Europe's most comprehensive crypto regulation has a structural problem inside it. Reuters reported it first. On May 28, Elena Carletti, deputy vice chair and head of the board's risk committee at UniCredit, said at an IESE Business School conference in Madrid that Europe may struggle to contain a financial shock tied to crypto firms and banks. The concern is specific: the mechanism US regulators used in March 2023 to stabilise crypto markets after Silicon Valley Bank collapsed cannot be replicated under European law.
What happened in 2023 and why it matters now
SVB held deposits backing several crypto firms. When the bank failed, Circle, the issuer of the USDC stablecoin, disclosed that $3.3 billion of its reserves were held there, according to CoinDesk. USDC briefly lost its dollar peg as redemptions accelerated. US regulators responded by invoking a systemic risk exception that guaranteed all deposits at SVB and Signature Bank, including balances well above federal insurance limits. Crypto markets stabilised.
Europe's deposit guarantee system caps protection at €100,000 per depositor per bank. A stablecoin issuer holding hundreds of millions in reserves at a European bank would not receive equivalent coverage in a comparable crisis. Carletti described the situation as a structural double weakness: MiCA pushes stablecoin issuers closer to banks by requiring reserves to be held in liquid assets including bank deposits, while the insurance architecture that would backstop those deposits in an emergency has not changed.
The problem MiCA created by design
MiCA's reserve requirements for stablecoin issuers are not incidental to this risk. They are the mechanism that produces it. The regulation classifies significant stablecoins as electronic money tokens and requires their reserves to be held in credit institutions, in low-risk liquid assets. That is the rule that ties stablecoin stability directly to bank balance sheets. Without a matching expansion of deposit protection, the connection becomes the channel through which a bank failure transmits into crypto markets.
Carletti said the systemic risk exception used in the US cannot be easily replicated in Europe. The legal architecture is different. The political consensus required to extend blanket deposit protection across an entire currency union, under crisis conditions, is a different problem from what a single national regulator decided over a weekend in March 2023.

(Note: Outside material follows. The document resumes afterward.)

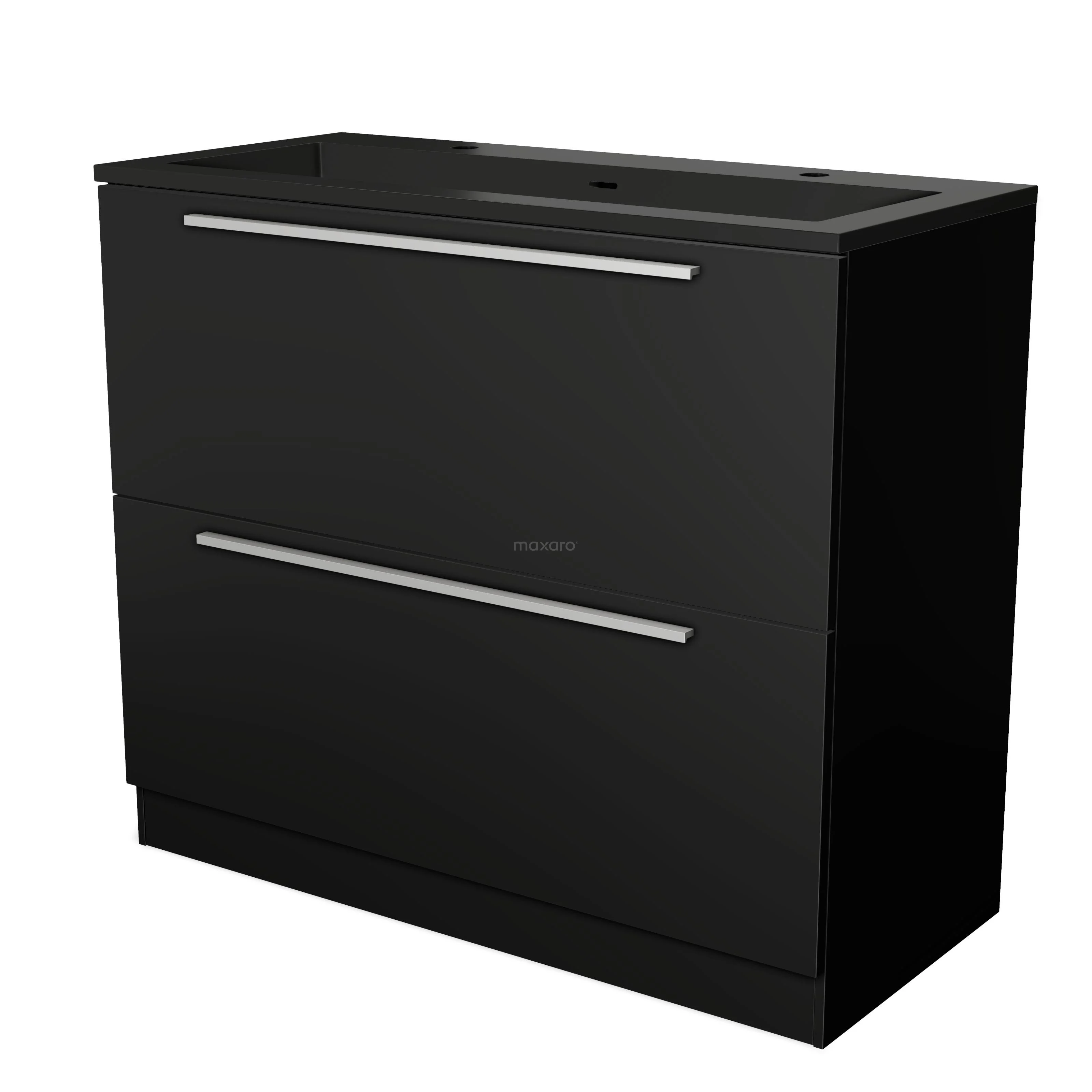 Modulo Bathroom furniture with sink | 100 cm Matte black Flat front Quartz 2 high drawers standing drawers under each other
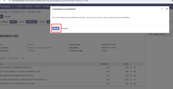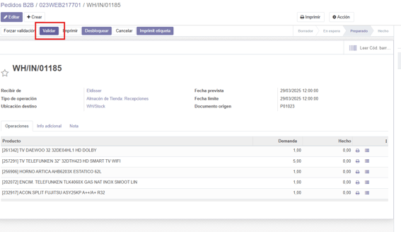 Ahora solo falta Validar para que la mercancía entre en mi stock

The irony inside UniCredit's own position
UniCredit is a founding member of Qivalis, the consortium of 37 European banks building a MiCA-compliant euro stablecoin targeting a launch in the second half of 2026. The institution warning about the structural gap is simultaneously building inside it. That is not contradictory. It reflects what the banking sector has decided: the euro stablecoin market will develop regardless, and the better position is inside the regulated structure rather than outside it. But it does mean the warning carries a particular weight. Carletti is not a critic of MiCA speaking from the outside. She is a senior executive at one of the institutions most committed to making it work.
The European stablecoin infrastructure is assembling at pace. Zerohash became the first company to hold both a MiCA licence and a full Electronic Money Institution licence in Europe on May 18. Standard Chartered moved to absorb Zodia Custody's crypto business in the same week, making the same calculation from the banking side. The compliance layer is being built by institutions that have decided the market is real. What Carletti identified is that the crisis management layer has not kept pace with it.